__Description of the task__:
Please begin with the line containing "専門業者さんにきれいに清掃し" and reproduce each line exactly until the records below end, without any pictures.

START Data extracts

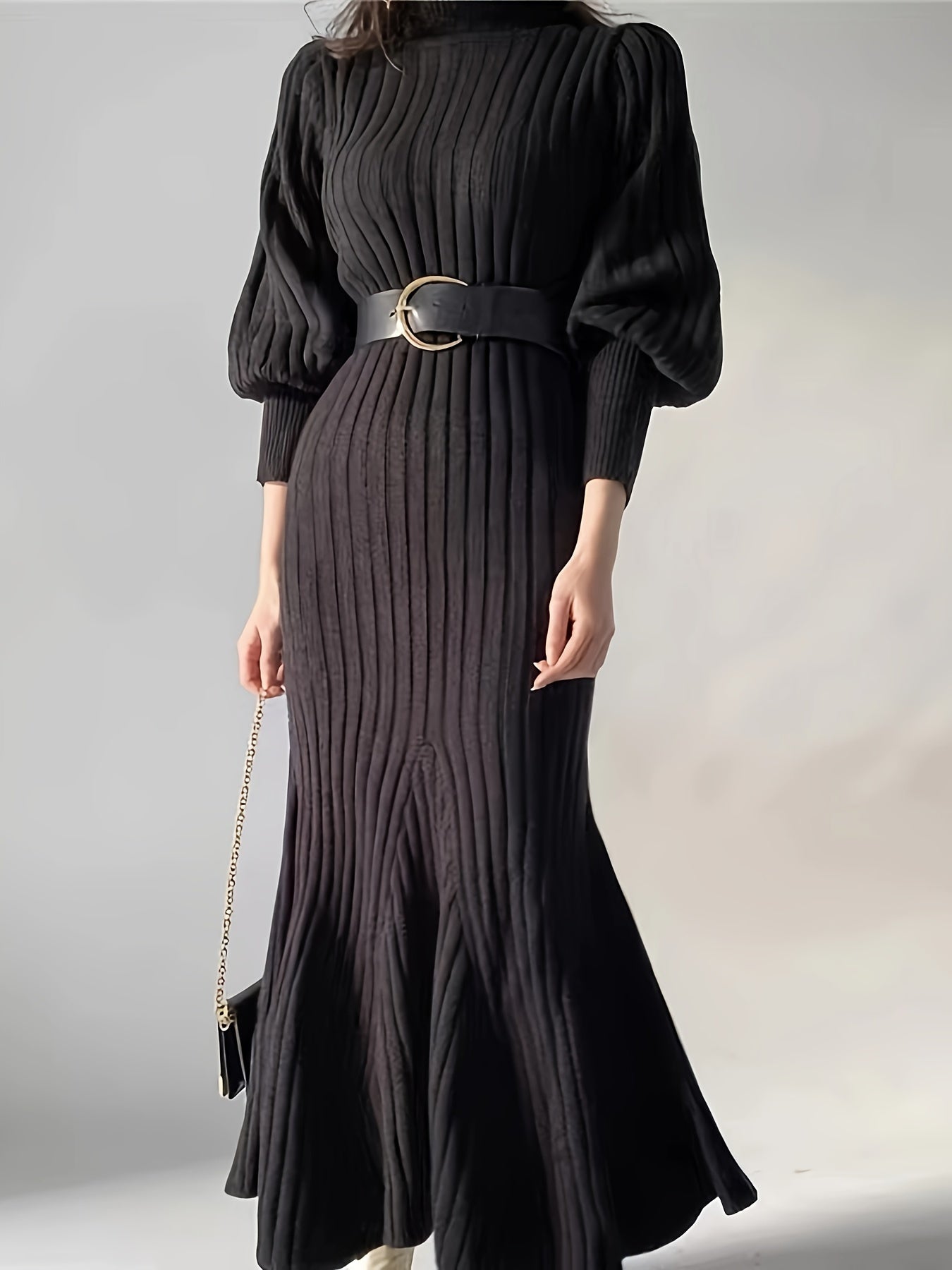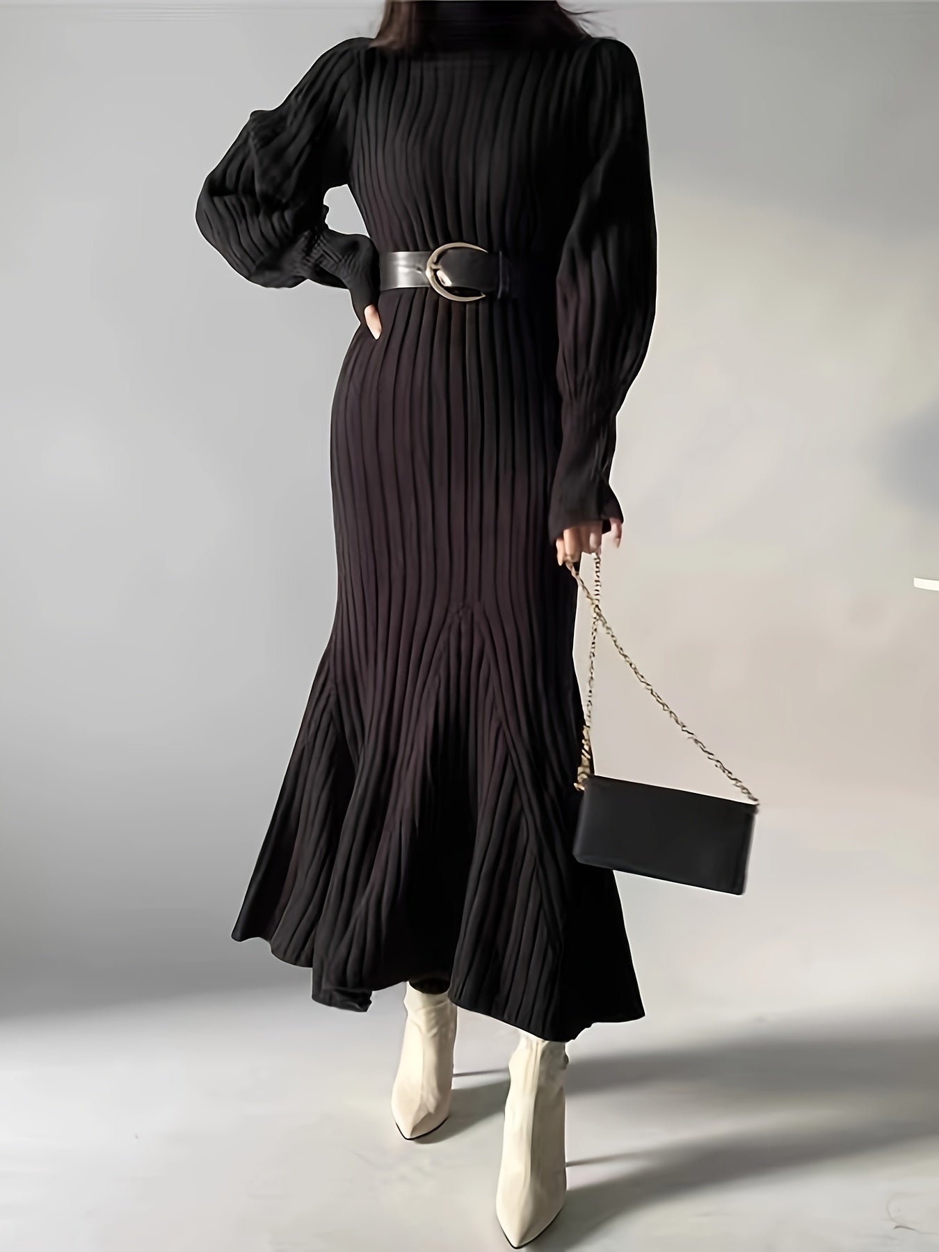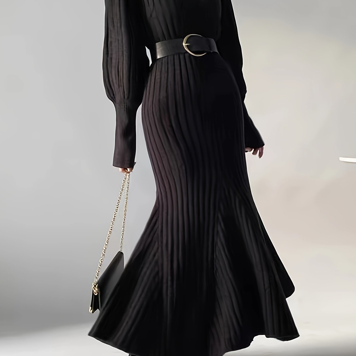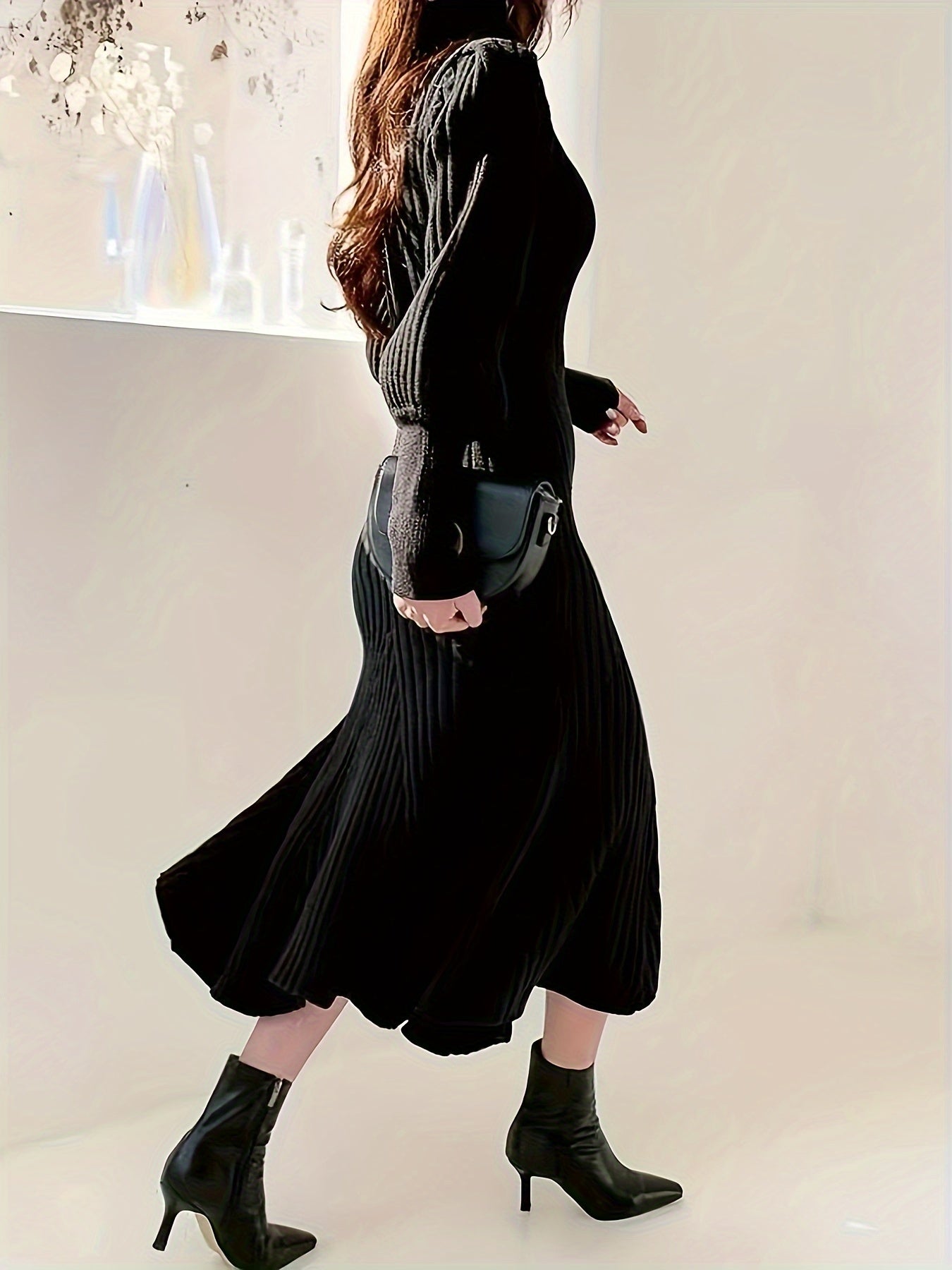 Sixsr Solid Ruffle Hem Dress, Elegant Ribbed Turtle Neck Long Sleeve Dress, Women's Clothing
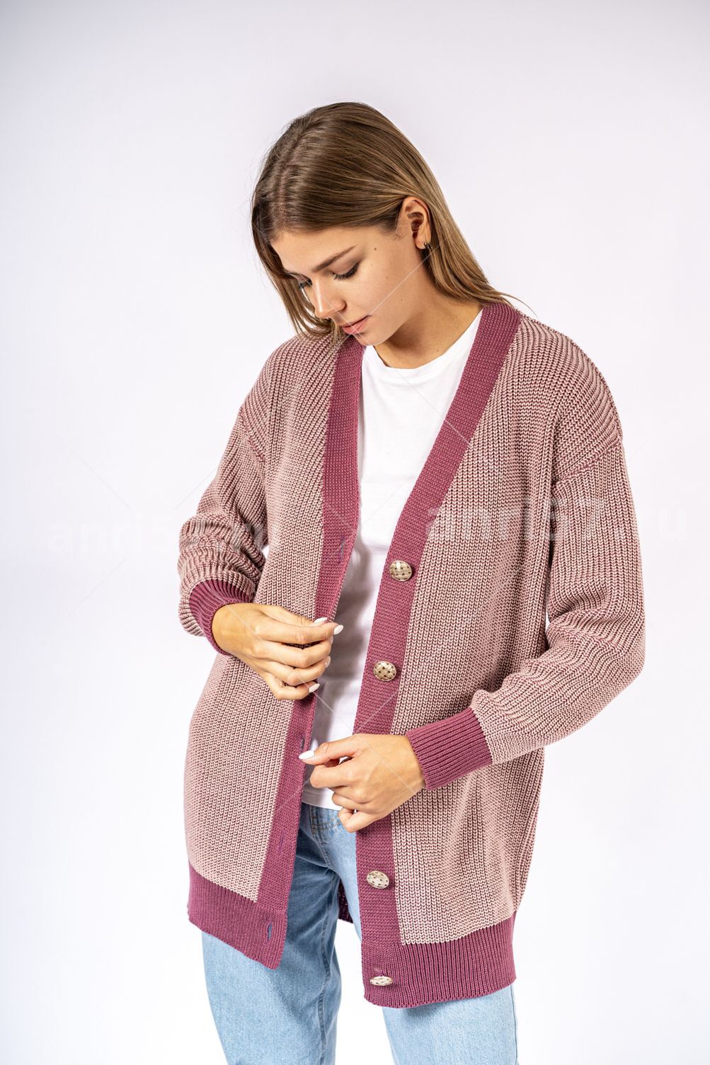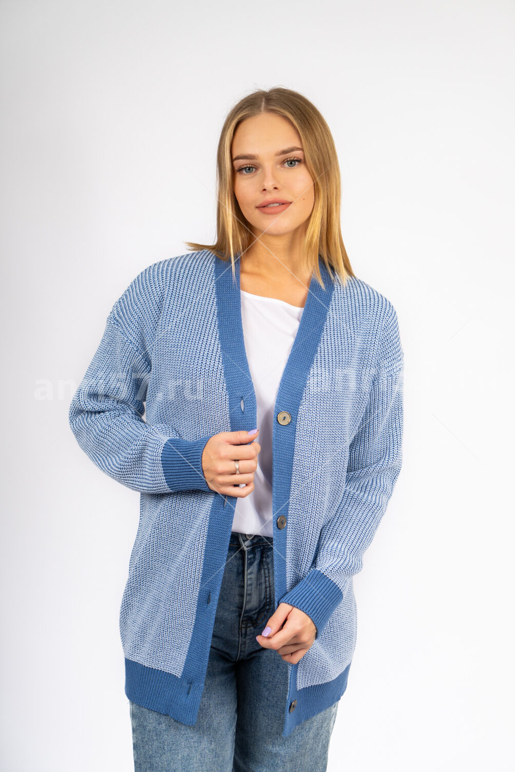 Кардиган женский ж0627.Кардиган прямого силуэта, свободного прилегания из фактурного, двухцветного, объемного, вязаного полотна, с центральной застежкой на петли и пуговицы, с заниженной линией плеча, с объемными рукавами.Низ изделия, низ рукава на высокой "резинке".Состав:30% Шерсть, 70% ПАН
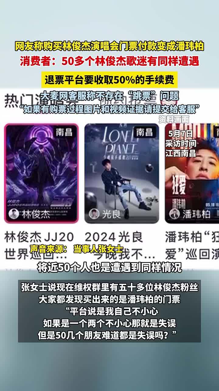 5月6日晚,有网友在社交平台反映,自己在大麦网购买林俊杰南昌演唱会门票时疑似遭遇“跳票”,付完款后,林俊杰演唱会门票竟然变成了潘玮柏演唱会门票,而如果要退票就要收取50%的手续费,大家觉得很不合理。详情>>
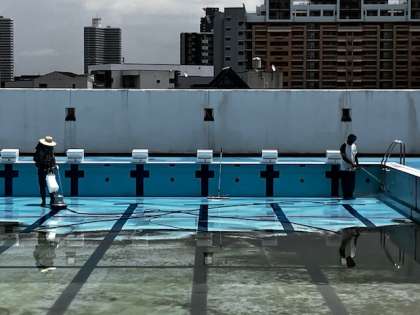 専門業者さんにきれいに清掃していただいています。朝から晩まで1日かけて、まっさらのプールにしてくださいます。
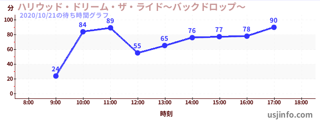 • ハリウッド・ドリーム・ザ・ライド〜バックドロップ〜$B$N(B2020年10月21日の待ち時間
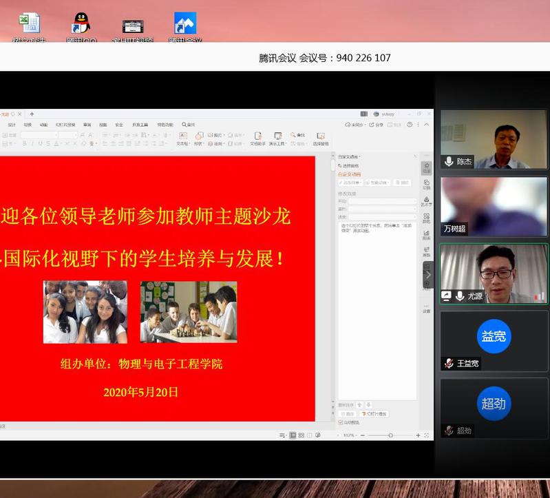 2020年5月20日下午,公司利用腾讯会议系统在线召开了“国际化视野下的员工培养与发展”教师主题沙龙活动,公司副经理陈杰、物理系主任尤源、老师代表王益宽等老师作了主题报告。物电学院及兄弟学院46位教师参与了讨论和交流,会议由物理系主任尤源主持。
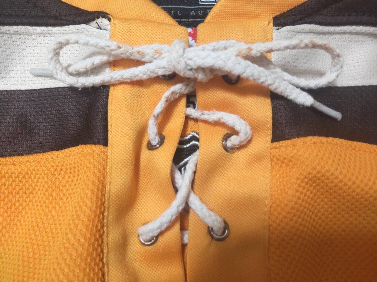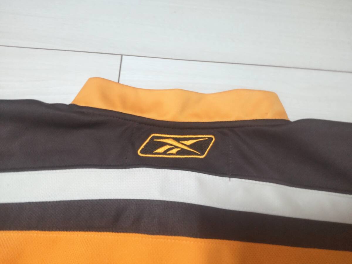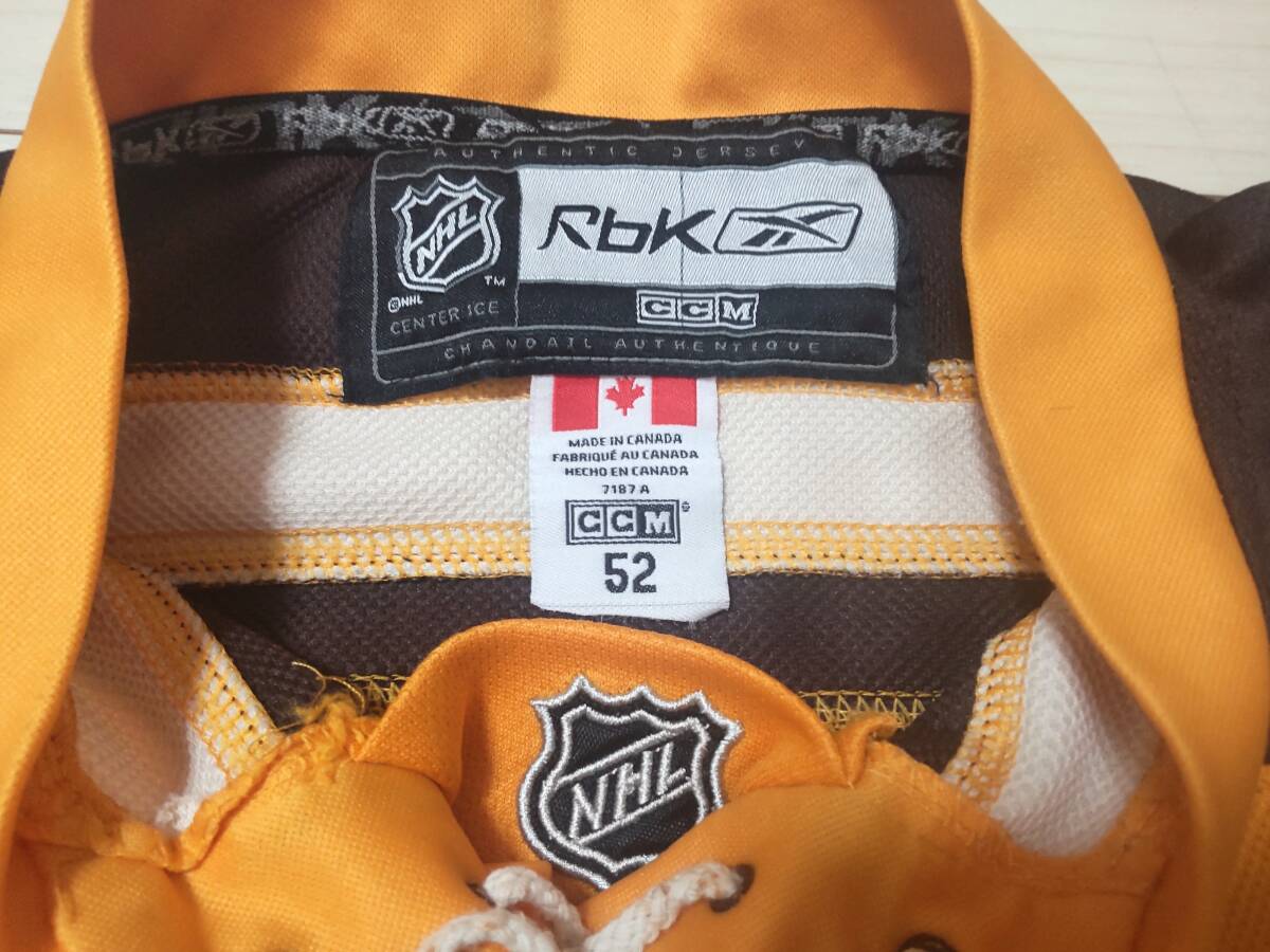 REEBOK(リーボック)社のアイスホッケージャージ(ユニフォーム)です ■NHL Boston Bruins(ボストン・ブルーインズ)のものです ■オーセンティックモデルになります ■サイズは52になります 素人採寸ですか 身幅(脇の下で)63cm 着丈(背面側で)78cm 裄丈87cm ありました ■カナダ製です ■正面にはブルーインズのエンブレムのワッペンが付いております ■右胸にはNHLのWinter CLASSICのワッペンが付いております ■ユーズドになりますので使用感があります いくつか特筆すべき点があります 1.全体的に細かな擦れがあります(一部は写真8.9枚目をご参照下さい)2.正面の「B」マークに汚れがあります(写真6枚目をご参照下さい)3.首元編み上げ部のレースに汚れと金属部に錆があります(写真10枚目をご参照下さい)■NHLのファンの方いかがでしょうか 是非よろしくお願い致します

END Data extracts

__Written answer__:
 専門業者さんにきれいに清掃していただいています。朝から晩まで1日かけて、まっさらのプールにしてくださいます。
 • ハリウッド・ドリーム・ザ・ライド〜バックドロップ〜$B$N(B2020年10月21日の待ち時間
 2020年5月20日下午,公司利用腾讯会议系统在线召开了“国际化视野下的员工培养与发展”教师主题沙龙活动,公司副经理陈杰、物理系主任尤源、老师代表王益宽等老师作了主题报告。物电学院及兄弟学院46位教师参与了讨论和交流,会议由物理系主任尤源主持。
 REEBOK(リーボック)社のアイスホッケージャージ(ユニフォーム)です ■NHL Boston Bruins(ボストン・ブルーインズ)のものです ■オーセンティックモデルになります ■サイズは52になります 素人採寸ですか 身幅(脇の下で)63cm 着丈(背面側で)78cm 裄丈87cm ありました ■カナダ製です ■正面にはブルーインズのエンブレムのワッペンが付いております ■右胸にはNHLのWinter CLASSICのワッペンが付いております ■ユーズドになりますので使用感があります いくつか特筆すべき点があります 1.全体的に細かな擦れがあります(一部は写真8.9枚目をご参照下さい)2.正面の「B」マークに汚れがあります(写真6枚目をご参照下さい)3.首元編み上げ部のレースに汚れと金属部に錆があります(写真10枚目をご参照下さい)■NHLのファンの方いかがでしょうか 是非よろしくお願い致します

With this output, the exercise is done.